Write out exactly the lines running from the one with "Enzifer, a guitarist" to the end of the data, including both of those lines and excluding pictures.

• _Data_:

"""

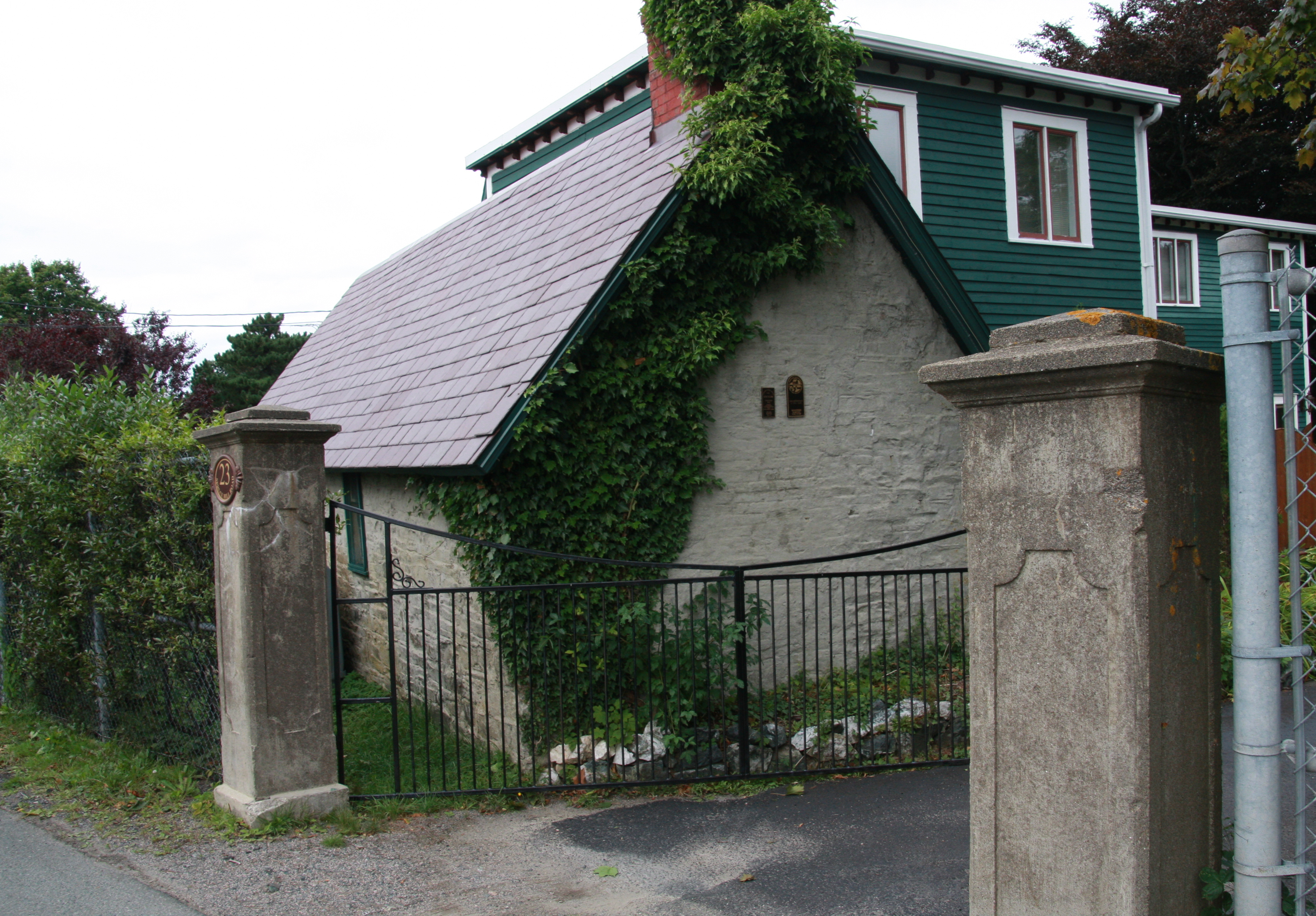 Stone house with Slate roof, may be the oldest building in Newfoundland with records suggesting it was built in the 1790's.
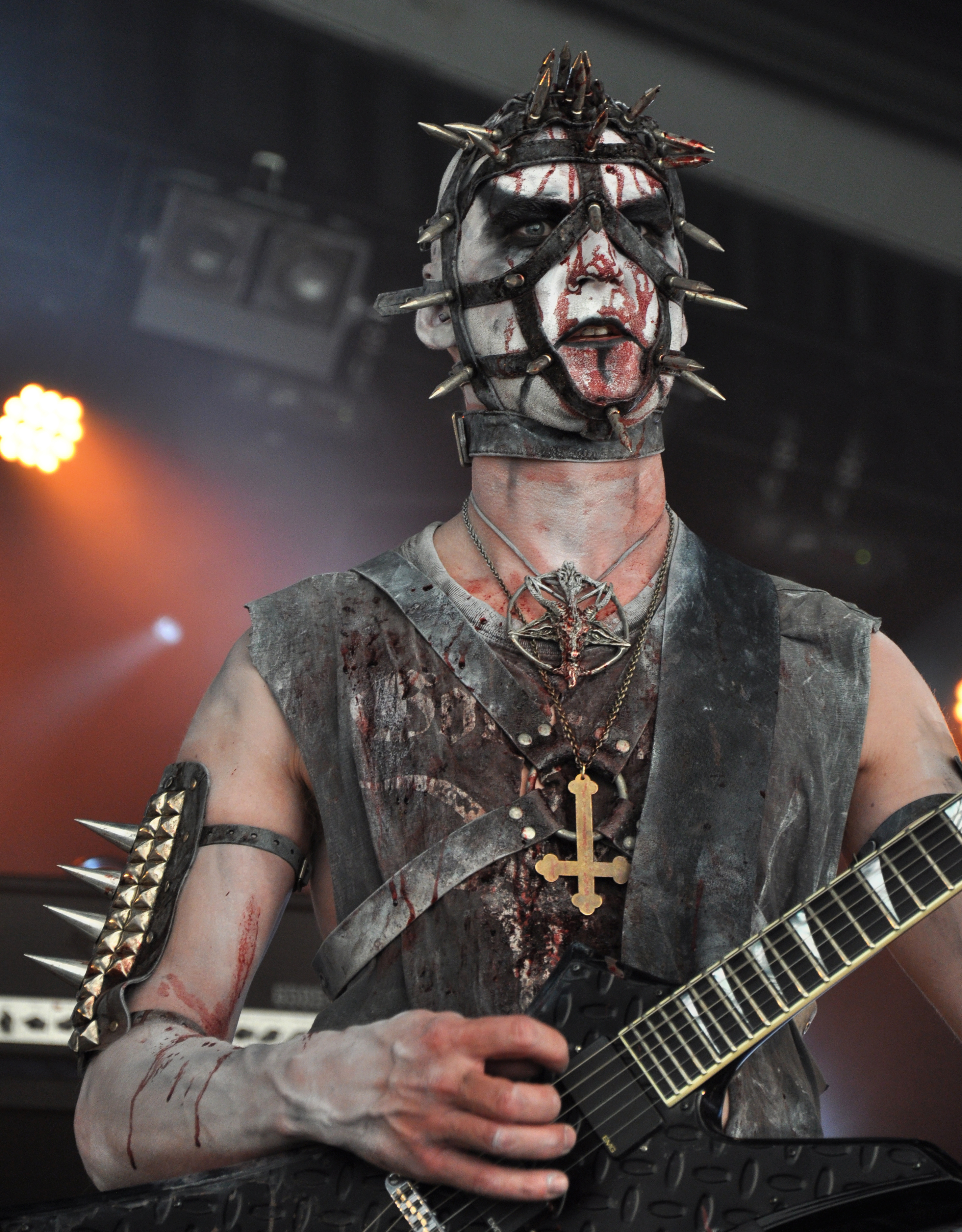 Enzifer, a guitarist of Urgehal, a Black Metal band from Norway, at the Metal Mean Festival, in Méan (Belgium) on the 20th of August 2011.
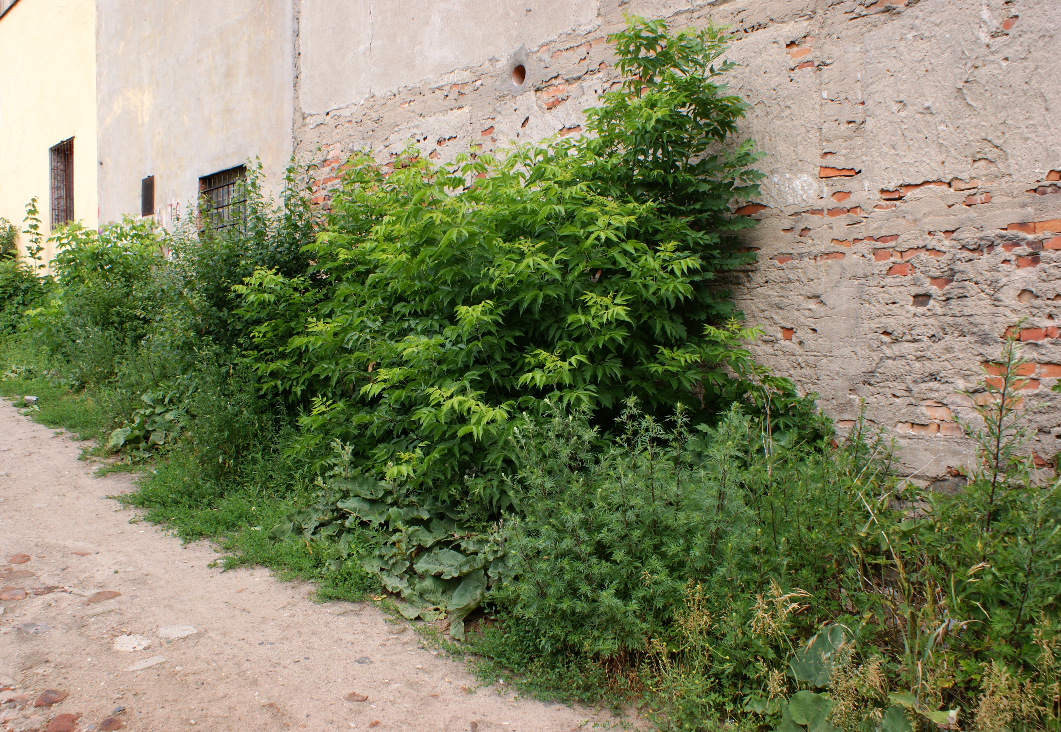 Ruderal plant community (Sambucus nigra, Artemisia vulgaris, Arctium spp.) in Lobez, NW Poland
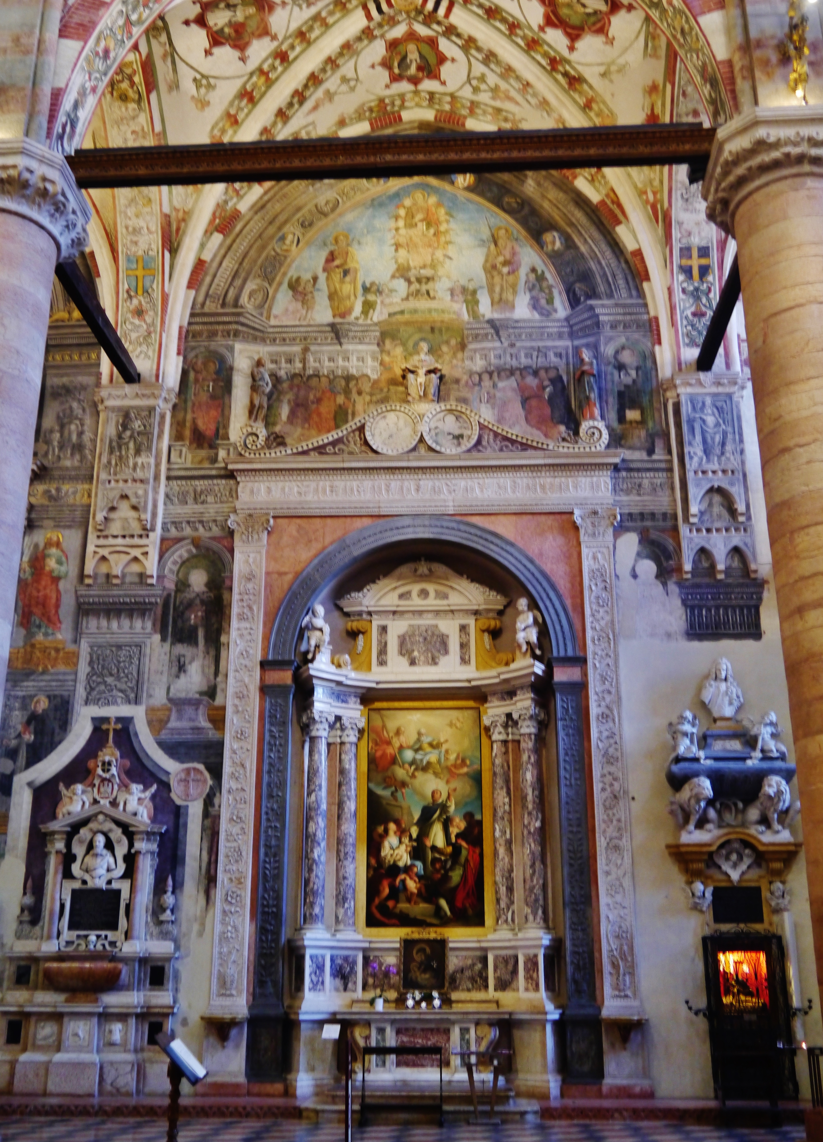 Vincenzo Ferreri Altar of the Church of St. Anastasia, Verona, Province of Verona, Region of Veneto, Italy

"""

• _Answer box_:
 Enzifer, a guitarist of Urgehal, a Black Metal band from Norway, at the Metal Mean Festival, in Méan (Belgium) on the 20th of August 2011.
 Ruderal plant community (Sambucus nigra, Artemisia vulgaris, Arctium spp.) in Lobez, NW Poland
 Vincenzo Ferreri Altar of the Church of St. Anastasia, Verona, Province of Verona, Region of Veneto, Italy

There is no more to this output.